Мягкие подошвы кроссовок внезапно стали топать по гладкому мрамору пола, как разношенные сапоги.
— Привет. Все щуришься?
— Привычка, — молодой человек неуверенно улыбнулся. Вблизи он не казался таким молодым — вокруг глаз легли морщинки, и взгляд… Ну, взгляд всегда был старше.
— Здравствуйте, Екатерина Григорьевна.
— Если это ты, я тебя, пожалуй, обниму, — задумчиво пробормотала Катрин.
Парфюм у старого знакомого был хорош — кажется, «Кензо», но из-под дорогого аромата все пробивался запах того монастырского мальчишки. И полыни, и пыльных дорог…
Сидели в кафетерии. Остальная компания устроилась за соседним столиком. Багаж благополучно погрузили, наконец явившиеся «мальчики» то ли ужинали, то ли завтракали. Мрачноватый Цуцик поглощал кусочки гамбургера, подсовываемые Мышкой. Флоранс волновалась, что у пса расстроится желудок.
— Ты врач? — спросила Катрин, поглядывая на ухоженные руки старого знакомого.
— Немного врач, немного исследователь, — молодой человек напряженно улыбнулся. — Неловко как-то, да?
— Да это тебе, наверное, неловко, — Катя решительно перешла на русский язык. — Я же вроде как призрак. На твоем будильнике много годков натикало. Хотя внешне и не скажешь. Рада я тебя видеть. Даже таким холеным. Тьфу ты, просто не верится. Ой, как бы Пашка возмущался.
— Он и возмущался, — мальчик, давно переставший быть мальчиком, запнулся.
— Говори, — сказала Катрин, вертя в блюдце чашечку с остывающим кофе. — Говори, я в этой дряни варюсь не первый год, привыкла.
— Пашка в девяносто восьмом. Ничего поделать было нельзя — легкие у него всегда слабыми были. Вита — три года назад. До последнего работала, ругалась. Вы, Екатерина Григорьевна, возможно, о ней слышали? — молодой человек извлек из портфеля несколько футляров с DVD-дисками. — Я захватил — вдруг будет желание глянуть?
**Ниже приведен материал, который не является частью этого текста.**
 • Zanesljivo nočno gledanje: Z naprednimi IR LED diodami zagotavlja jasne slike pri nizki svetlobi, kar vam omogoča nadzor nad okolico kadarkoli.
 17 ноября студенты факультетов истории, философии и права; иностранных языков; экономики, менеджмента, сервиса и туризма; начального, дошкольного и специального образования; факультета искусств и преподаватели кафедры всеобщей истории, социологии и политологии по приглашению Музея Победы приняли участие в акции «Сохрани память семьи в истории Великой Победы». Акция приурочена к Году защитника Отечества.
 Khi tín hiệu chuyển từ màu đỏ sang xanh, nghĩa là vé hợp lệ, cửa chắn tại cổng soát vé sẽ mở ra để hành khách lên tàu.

— Не выеживайся. Я старой бабкой не успела стать, — конечно, посмотрим, и с большущим интересом, — Катрин сгребла футляры. — «Восемь ножей в спину цивилизации», «Холокост трех материков». «Виктория Голутффин представляет новый документальный сериал… шокирующая правда о террористическом подполье…» Во как! Значит, глотнула Витуля киношного яда? Названия-то какие звучные-плакатные, даром что мы с Львом Давыдовичем лишь пять минут были знакомы.
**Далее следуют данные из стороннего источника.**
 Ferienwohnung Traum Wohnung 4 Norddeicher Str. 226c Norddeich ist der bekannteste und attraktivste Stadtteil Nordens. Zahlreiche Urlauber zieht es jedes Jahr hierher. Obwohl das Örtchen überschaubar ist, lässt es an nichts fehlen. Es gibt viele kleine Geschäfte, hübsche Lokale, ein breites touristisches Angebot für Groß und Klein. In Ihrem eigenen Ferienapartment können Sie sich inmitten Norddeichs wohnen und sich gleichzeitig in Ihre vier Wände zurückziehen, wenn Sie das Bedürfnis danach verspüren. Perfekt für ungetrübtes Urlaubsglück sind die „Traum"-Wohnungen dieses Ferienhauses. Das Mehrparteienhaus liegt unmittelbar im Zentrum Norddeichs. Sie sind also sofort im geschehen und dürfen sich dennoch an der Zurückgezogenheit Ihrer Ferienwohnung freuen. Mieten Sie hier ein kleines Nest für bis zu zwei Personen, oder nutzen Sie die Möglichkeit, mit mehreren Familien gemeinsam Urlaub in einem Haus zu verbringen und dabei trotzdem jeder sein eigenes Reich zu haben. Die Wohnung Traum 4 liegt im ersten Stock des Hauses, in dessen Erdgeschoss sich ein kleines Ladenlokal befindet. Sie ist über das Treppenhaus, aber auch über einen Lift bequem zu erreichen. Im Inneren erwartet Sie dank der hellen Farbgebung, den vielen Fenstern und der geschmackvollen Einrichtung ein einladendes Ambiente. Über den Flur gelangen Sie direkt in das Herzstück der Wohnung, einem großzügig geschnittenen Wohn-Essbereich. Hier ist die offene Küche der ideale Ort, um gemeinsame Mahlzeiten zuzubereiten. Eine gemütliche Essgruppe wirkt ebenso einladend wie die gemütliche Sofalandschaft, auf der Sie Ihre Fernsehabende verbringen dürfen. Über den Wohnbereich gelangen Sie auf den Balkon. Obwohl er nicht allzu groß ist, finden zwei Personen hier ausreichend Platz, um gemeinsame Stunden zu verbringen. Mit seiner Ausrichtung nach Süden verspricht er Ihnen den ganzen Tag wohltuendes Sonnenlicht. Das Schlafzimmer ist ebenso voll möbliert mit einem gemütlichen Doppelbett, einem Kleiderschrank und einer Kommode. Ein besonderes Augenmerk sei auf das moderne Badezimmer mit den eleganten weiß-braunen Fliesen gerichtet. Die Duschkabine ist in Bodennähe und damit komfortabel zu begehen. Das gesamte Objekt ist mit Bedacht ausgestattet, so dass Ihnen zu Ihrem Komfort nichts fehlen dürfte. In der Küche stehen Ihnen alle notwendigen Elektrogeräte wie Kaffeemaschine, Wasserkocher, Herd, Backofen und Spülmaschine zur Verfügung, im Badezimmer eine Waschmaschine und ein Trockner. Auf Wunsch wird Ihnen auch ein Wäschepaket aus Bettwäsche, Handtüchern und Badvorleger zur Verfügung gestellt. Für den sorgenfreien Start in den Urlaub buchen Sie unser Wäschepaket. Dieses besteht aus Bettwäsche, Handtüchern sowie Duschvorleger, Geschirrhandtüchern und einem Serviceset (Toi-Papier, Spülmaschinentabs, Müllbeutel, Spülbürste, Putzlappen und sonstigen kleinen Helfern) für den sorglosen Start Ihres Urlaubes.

— Вита получила шесть премий Международной ассоциации документального кино.
— Одуреть. Обязательно похвастаюсь, — Катрин глянула на соседний столик.
— Они знают? — шепотом спросил бывший мальчик.
— Ну, в общих чертах. Излишне натуралистические подробности я опускаю.
— Счастливая вы, Екатерина Григорьевна. Я уже ни с кем поговорить не могу.
— Брось скулить. Сразу видно — ты при делах.
— Да разве я жалуюсь? Занят на десять лет вперед. Это я только с вами хныкаю. По старой памяти.
— Э, может на «ты» пора переходить? Я тебе давно уж не командир. Девяносто лет, так? Фу, нелепость какая.
— Нет, я не отвыкну. Мы вас часто вспоминали. В последний раз, когда с Виточкой правнуков в Соединенную Россию возили, Пашка нас и в Одессу свозил. На то самое место. Посидели, вспомнили.
— Постой, сколько же у Витки правнуков?
— Четверо. Мельчает народ. Виточка между своими съемками бесконечными четверых родила. Времена-то были не лучшие. А сейчас все демографию просчитывают… геометры.
— Хм. Это точно. Вообще-то, я думала, прапорщик наш девчонку не упустит.
— А он и не упустил. До войны они с Витой двоих успели завести. Герман в 44-м погиб. В Нормандии. Он командиром роты артиллерийской разведки пошел. 4-я канадская бронетанковая дивизия. Немецкие танки прорывались, на НП вышли. Пока мы с противотанковым взводом от штаба дивизии добрались, танки уже из базук сожгли. Наш прапор командовал. Ну, пулеметная очередь… Вита мне тот день так и не простила.
— Черт! Я вам говорила подальше от свалки держаться? И что полезли?
— Герман сказал, что сидеть за океаном не может. Тем более Пашка уже год как воевал. Нечестно было. Если бы я в тот день не в штабе корпуса сидел…
— Ты-то что в бронетанках делал?
— Был такой отдел — «психологической разведки». Кое-что делали.
— Понятно. А Пашка? Ведь твердо обещал подальше от передовой держаться.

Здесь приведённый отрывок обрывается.